• _WORK ORDER_
Print the material below exactly as it stands, please, from its first line to the line holding "De las mujeres", with no pictures.

• _INFORMATION PROVIDED_
*** Begin section ***

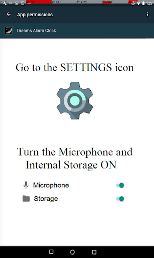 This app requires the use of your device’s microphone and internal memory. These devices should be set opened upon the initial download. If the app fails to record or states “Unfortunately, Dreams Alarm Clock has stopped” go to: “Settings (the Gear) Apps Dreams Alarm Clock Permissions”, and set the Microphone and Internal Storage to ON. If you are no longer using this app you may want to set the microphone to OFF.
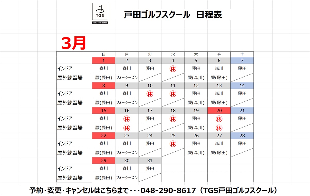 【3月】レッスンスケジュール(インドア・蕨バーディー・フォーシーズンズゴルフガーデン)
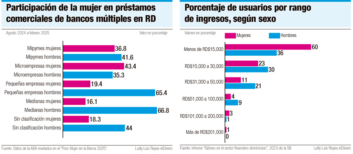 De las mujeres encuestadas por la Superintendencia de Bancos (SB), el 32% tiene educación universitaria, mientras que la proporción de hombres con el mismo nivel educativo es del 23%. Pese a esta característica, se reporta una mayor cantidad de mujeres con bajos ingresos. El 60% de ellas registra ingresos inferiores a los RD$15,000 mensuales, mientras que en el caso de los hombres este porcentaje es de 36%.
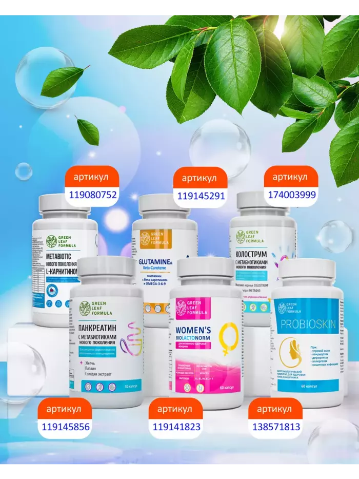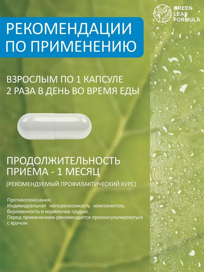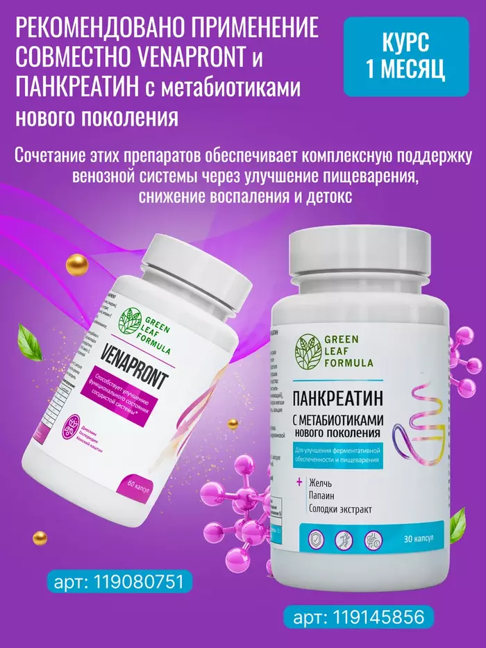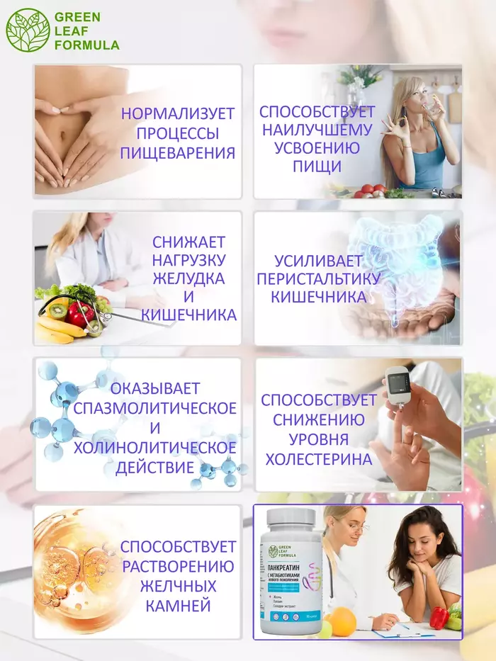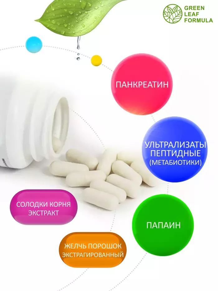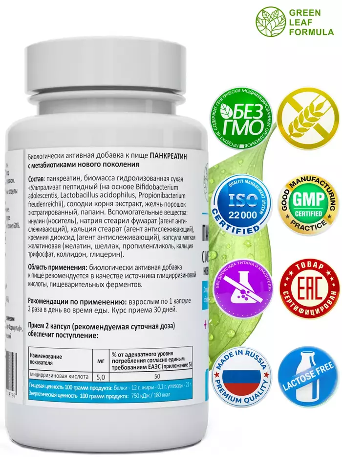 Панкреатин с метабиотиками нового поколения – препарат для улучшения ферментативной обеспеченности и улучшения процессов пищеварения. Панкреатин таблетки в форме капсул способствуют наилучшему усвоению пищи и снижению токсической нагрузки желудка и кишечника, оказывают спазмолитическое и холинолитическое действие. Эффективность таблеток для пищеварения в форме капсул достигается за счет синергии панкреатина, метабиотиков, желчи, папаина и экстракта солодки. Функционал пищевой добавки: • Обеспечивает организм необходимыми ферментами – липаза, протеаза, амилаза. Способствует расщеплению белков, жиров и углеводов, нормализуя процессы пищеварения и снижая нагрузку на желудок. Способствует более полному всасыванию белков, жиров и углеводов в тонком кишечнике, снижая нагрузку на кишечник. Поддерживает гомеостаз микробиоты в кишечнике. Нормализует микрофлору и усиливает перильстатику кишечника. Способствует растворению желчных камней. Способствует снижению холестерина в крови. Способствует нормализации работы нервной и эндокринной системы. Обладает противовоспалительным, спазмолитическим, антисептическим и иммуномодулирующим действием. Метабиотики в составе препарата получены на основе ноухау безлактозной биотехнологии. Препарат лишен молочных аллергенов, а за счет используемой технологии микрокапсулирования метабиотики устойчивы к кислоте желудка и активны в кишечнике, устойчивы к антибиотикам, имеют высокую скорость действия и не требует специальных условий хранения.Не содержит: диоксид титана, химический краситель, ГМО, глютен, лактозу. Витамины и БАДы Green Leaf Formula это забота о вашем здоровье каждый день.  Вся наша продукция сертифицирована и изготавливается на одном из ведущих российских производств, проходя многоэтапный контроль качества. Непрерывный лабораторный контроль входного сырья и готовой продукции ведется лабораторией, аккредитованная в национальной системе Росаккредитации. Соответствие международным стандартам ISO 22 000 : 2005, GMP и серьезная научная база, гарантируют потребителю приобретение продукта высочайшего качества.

*** End section ***

• _THE COMPLETED TASK_
 This app requires the use of your device’s microphone and internal memory. These devices should be set opened upon the initial download. If the app fails to record or states “Unfortunately, Dreams Alarm Clock has stopped” go to: “Settings (the Gear) Apps Dreams Alarm Clock Permissions”, and set the Microphone and Internal Storage to ON. If you are no longer using this app you may want to set the microphone to OFF.
 【3月】レッスンスケジュール(インドア・蕨バーディー・フォーシーズンズゴルフガーデン)
 De las mujeres encuestadas por la Superintendencia de Bancos (SB), el 32% tiene educación universitaria, mientras que la proporción de hombres con el mismo nivel educativo es del 23%. Pese a esta característica, se reporta una mayor cantidad de mujeres con bajos ingresos. El 60% de ellas registra ingresos inferiores a los RD$15,000 mensuales, mientras que en el caso de los hombres este porcentaje es de 36%.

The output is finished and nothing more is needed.